Two days to figure out who I am when I’m not the woman who came here to kill him.
I meet his eyes.
And have no idea what comes next.
Chapter 11
Jericho
The way she looks at me after that phone call tells me something has changed, though I don’t know what. Not fear. Not hatred. Not even the exhaustion pulling at her like gravity. Something else entirely—like a person standing at the edge of a cliff trying to decide whether to jump.
She hangs up the phone. Turns. Meets my eyes.
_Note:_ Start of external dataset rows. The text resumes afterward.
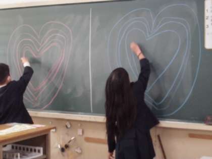 始業式で新しい担任が発表されると、各教室で学級開きが行われました。新しい教科書を手に、嬉しそうに見つめたり、新しいクラスの友達と自己紹介タイムを行ったり、クラスみんなでハートをかく学級ゲームをしたり、それぞれの学級で楽しく過ごしていました。
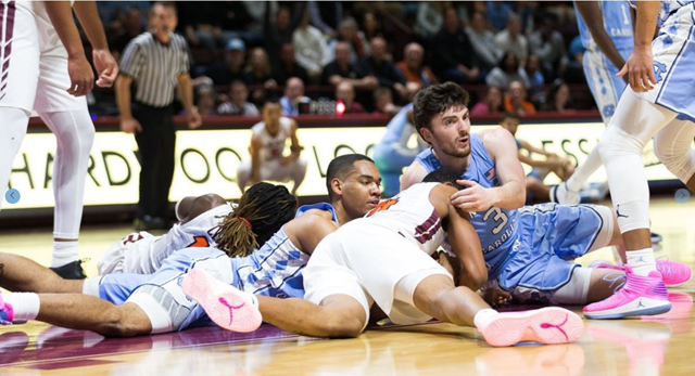 The Tar Heels led by as many as seven in the first half at 21-14 but the Hokies used a 9-0 run at the end of the half to take a commanding 39-32 advantage at the half.
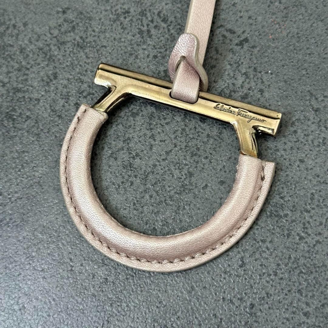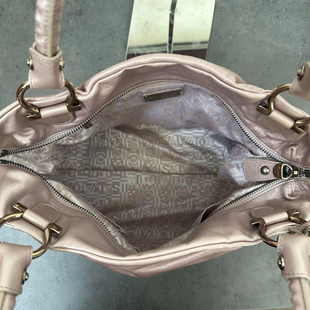 Salvatore Ferragamo Hand Bag Tote Purse Gancini Leather Pink Champagne Gold Auth

“We should move,” she says, voice flat and professional.
I nod.
She leads the way down the main street, and I follow at a careful distance, watching her more than our surroundings. The stiffness in her shoulders. The way she favors her left side. Blood runs down her fingertips.
She’s hurt worse than she’s admitting.
The motel is small, single-story, with peeling paint and a neon vacancy sign that flickers erratically. She stops at the office door and hesitates.
“I’ll wait here,” I say.
She glances back, nods once, and disappears inside.
Through the window, I watch her talk to the owner, who must be accustomed to bedraggled guests coming in covered in blood. Lucky us. She gestures, explaining something. Lost in the storm, probably. Need a room. Funds coming. The owner doesn’t look convinced but eventually hands over a key.
She emerges. “Room seven.”
We walk past four other doors before reaching ours. She unlocks it and steps inside. I follow.
The room is small but clean, aggressively normal with its beige walls and worn carpet. A single queen bed dominates the space, covered in a floral comforter that’s seen better years. Tiny bathroom visible through an open door. Window facing the parking lot.
One bed.
She notices. I notice her noticing. Neither of us addresses it.
She drops her pack on the floor and shrugs out of the rifle strap. The movement makes her wince, sharp and involuntary.
“You need to deal with that,” I say.
“I’m fine.”
“You’re losing blood.”
She looks down at the fabric soaked dark across her shoulder, more blood than before. “It’s not that bad.”
“Let me see it.”
“No. I’m a wolf. It’ll heal.”
I wait, counting to five in my head.
Goddamn stubborn woman.
“You can’t reach it properly. The wound is on your shoulder blade. You’ll need help.”